— WHAT YOU NEED TO DO —
In the listing below, a line holding "REF-64X4M ---- 0.35CT" and a line holding "- Soft, rubber" mark the range. Retype both exactly, with all lines between them.

— RECORDS SUPPLIED —
········
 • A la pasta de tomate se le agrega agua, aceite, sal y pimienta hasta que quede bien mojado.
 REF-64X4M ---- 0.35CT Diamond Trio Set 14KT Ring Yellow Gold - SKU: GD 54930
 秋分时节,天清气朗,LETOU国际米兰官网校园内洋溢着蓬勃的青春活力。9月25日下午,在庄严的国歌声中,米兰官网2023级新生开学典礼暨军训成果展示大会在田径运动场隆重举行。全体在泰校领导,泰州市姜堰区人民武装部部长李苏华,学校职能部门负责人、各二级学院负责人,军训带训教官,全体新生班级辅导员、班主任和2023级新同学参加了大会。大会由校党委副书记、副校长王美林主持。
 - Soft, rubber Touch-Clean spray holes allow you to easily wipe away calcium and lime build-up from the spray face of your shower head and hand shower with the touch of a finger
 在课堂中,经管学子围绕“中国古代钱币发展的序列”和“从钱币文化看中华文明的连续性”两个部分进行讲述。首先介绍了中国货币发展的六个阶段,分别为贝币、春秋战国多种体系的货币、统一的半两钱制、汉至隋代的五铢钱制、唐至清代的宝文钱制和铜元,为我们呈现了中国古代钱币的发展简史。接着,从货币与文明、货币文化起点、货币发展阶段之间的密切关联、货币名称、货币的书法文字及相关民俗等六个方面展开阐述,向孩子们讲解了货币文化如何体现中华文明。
········
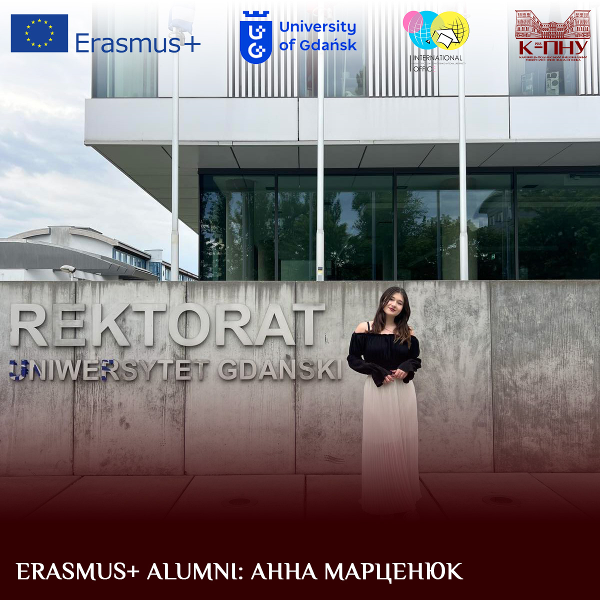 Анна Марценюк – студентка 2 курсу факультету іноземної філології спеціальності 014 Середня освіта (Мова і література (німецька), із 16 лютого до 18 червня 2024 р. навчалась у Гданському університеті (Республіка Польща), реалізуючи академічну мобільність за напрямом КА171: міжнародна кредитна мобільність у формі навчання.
········
— TASK SOLUTION —
 REF-64X4M ---- 0.35CT Diamond Trio Set 14KT Ring Yellow Gold - SKU: GD 54930
 秋分时节,天清气朗,LETOU国际米兰官网校园内洋溢着蓬勃的青春活力。9月25日下午,在庄严的国歌声中,米兰官网2023级新生开学典礼暨军训成果展示大会在田径运动场隆重举行。全体在泰校领导,泰州市姜堰区人民武装部部长李苏华,学校职能部门负责人、各二级学院负责人,军训带训教官,全体新生班级辅导员、班主任和2023级新同学参加了大会。大会由校党委副书记、副校长王美林主持。
 - Soft, rubber Touch-Clean spray holes allow you to easily wipe away calcium and lime build-up from the spray face of your shower head and hand shower with the touch of a finger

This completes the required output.